I think this is a good one. I'll try to reserve my diagnosis until the end.
We have two endpoints (both linux) that are 25ms apart (50ms RTT). They are transferring files via an SSH tunnel - actually they are tar-ing to a pipe (|) which directs to an SSH session that executes another tar command on the other side - suboptimal IMHO, but they're unix "gurus", what're you going to do. Anyway... The customer is complaining about the throughput. The endpoints negotiate a window scale of 4 (256k window). The sites are connected via OC192 at <10% utilization - bandwidth ain't an issue. It looks like they go through the normal TCP slow start until they hit about 40Mbps, then we see a big drop in throughput and slow-start kicks in again.
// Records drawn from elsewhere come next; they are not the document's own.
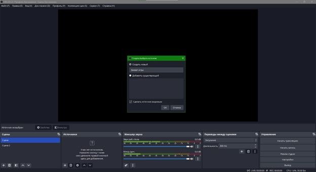- Есть отдельный модуль для тонкой настройки звука — громкости, выбора источника (например, микрофона), формата аудиодорожки.
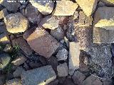 En estado de ruina total, solo quedan los arranques de sus muros de mampostería, restos de su solería de cerámica y un patín.
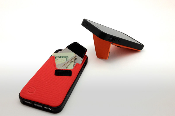 本製品は、クレジットカードなどを2枚まで収納できるポケットを実装したiPhone 5ケース。ICカード収納は、別売の防磁シートと合わせて入れることで対応する。ポケットのフラップには面ファスナーが付いており、収納したカード類の飛び出しを防止することが可能。このフラップを開いて立てかけることで、縦/横いずれの方向にも対応するiPhoneスタンドとしての役割も果たす。
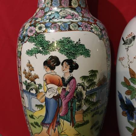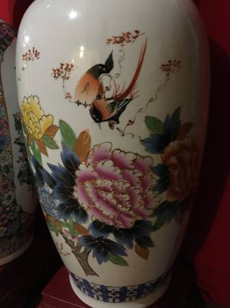 Pair of Chinese Famille Rose Porcelain Floor Vase, with wood stand 29.5" Tall, and 7.5" wide at bottom, with great condition, no chips or cracks. Both Vases for $390.
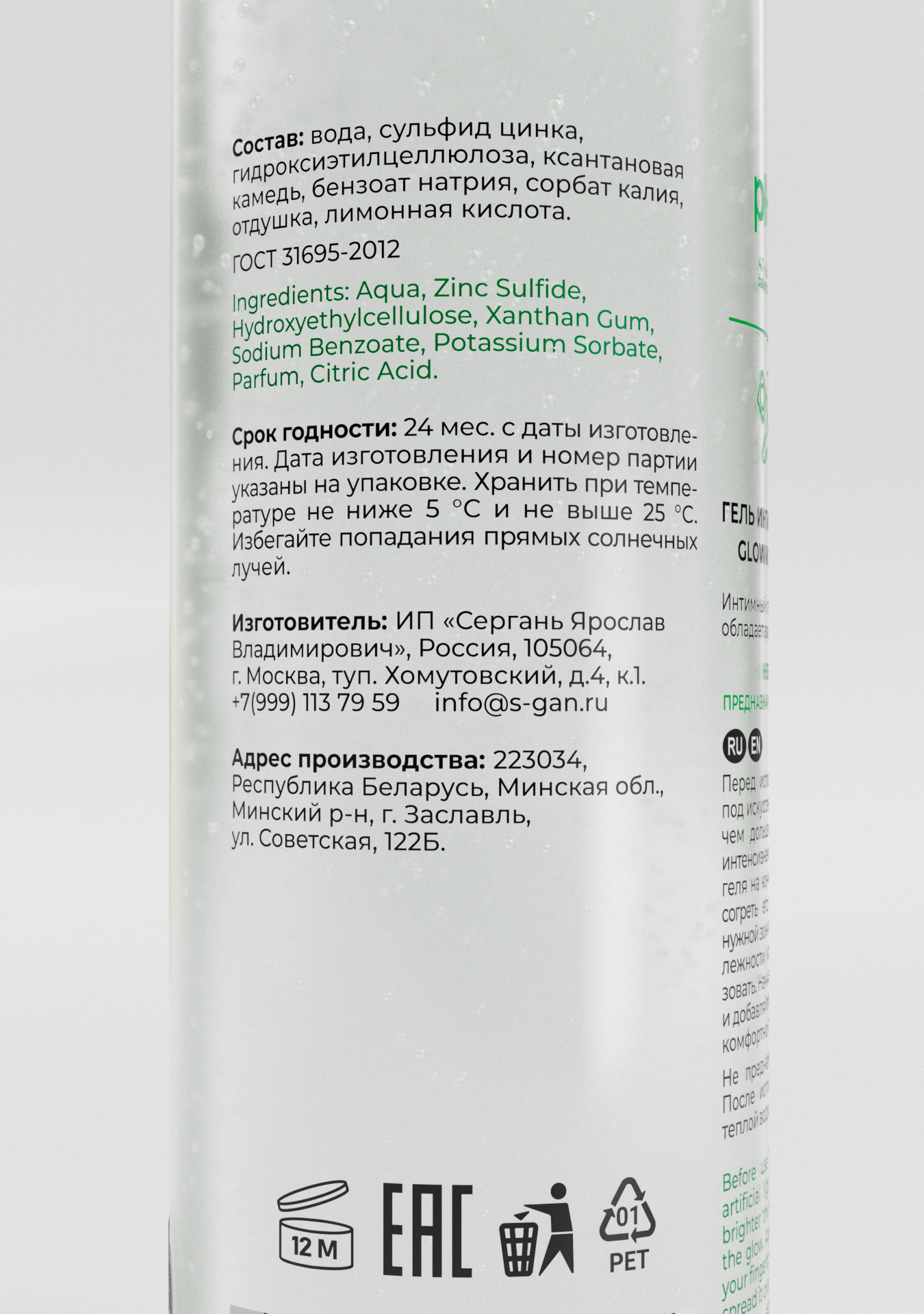 Уникальная формула с частицами сульфида цинка создает завораживающий эффект неонового свечения, превращая интимную близость в незабываемое зрелище. Это полностью безопасный и инертный компонент, который обеспечивает потрясающий визуальный эффект, не нарушая нежную микрофлору.
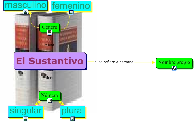 Este mapa conceptual tiene información relacionada a: index, Género masculino, El Sustantivo tiene Número, El Sustantivo tiene Género, Género femenino, El Sustantivo si se refiere a persona Nombre propio, Número singular, Número plural
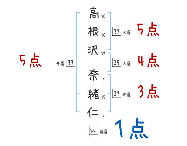 高根沢奈緒仁さんの画数の鑑定結果

The window doesn't drop - well, it goes from 261k to ~255k at various points in the transfer, but those slight drops in window size don't really align with the drops in throughput. We're capturing with a probe/SPAN on one side, and a capture agent on the other. We don't see any packets dropped - what is sent is being received. NOW, what we DO see are trip-dup-ACKs, which I assume are triggering the remote stack's drop in it's congestion window. One of my fellow monkeys traced back up 20 packets or so and found a single (1) out-of-order packet. And this is where we are.
OPINION: Because of the amount of data flowing I think that one OOO packet is causing the buffers to get blown out of the water. The server AS on both sides is supported by a highly redundant network, it's possible that the OOO packet is the result of one leg in the redundant path having a temporarily slightly higher latency. It seems odd that a smoothly flowing 256k window would suddenly fill up so quickly. This may point to an I/O issue on the receiving server - but if that was the case I would expect to see much more severe drops in TCP Window size. I have NOT verified whether or not the switch is seeing output queue drops on the server interfaces - it's possible that there's a drop going on at the interface level that the probe isn't seeing. Aren't trip-dup-ACKs special though? Is that the receivers way of telling the sender to start SlowStart? It seems that pushing a TCP Zero-Window would have the same effect - but the recovery from a 0 window includes up to a 3 second period of non-communication. Is the trip-dup-ack the big RED slowdown button?
asked 03 Feb '11, 10:44
The Trip-DUP-Ack is meant to trigger TCP Fast Retransmission and by that fast recovery instead of the classical slow start... well not completely instead, but the rate that CWND increases should be rapidly higher compared to slow start. That is also dependend on which OS the sender is using -> RFC states Fast Retransmsission to trigger on the third duplicate ACK (4th ACK /w same ACK number), while Microsoft speeds up the process and does not keep to the RFC by triggering after the 2nd duplicate ACK (3rd total ACK /w same number)
Your case kind of reminds me of my question to TCP sender behaviour earlier here, remember ? :)
do you have Speed downlinks between those two stations from Gig to 100M ?
Also you might want to take a close look at the timings, because I had several cases, where wireshark was talking 'bout OOO but those were in fact fast retransmits and vice versa, but you know that - just commenting for others reading this question
answered 18 Feb '11, 01:14
Interesting one, could it be that the Duplicate ACK's have SACK options? telling the sender about the missing packet for each received packet until the OOO packet arrives?
Could you post the relevant part of the trace somewhere?
Or the output of the following:
answered 03 Feb '11, 12:48
Sorry for the delay, I've been MIA. I'll working on scrubbing the captures and getting them posted. After digging through IBM's KB we found an article loosely related to this issue. Low-and-behold a simple reboot seems to make the problem disappear for a few days. The SysAd's are STILL asking us to figure out how the network performance is improved by a server reboot. Silly admins.
(15 Feb '11, 08:14) GeonJay
The endpoints are Gig, switch uplinks are 10G, and the interconnects between the sites as OC192s.
I'm read and reread Comer's opinion on the trip-dup-ack, and I get lost in the RFC about fast retrans. Why isn't there a "Simple" button for this stuff? Thanks for putting the sequence of events more plainly.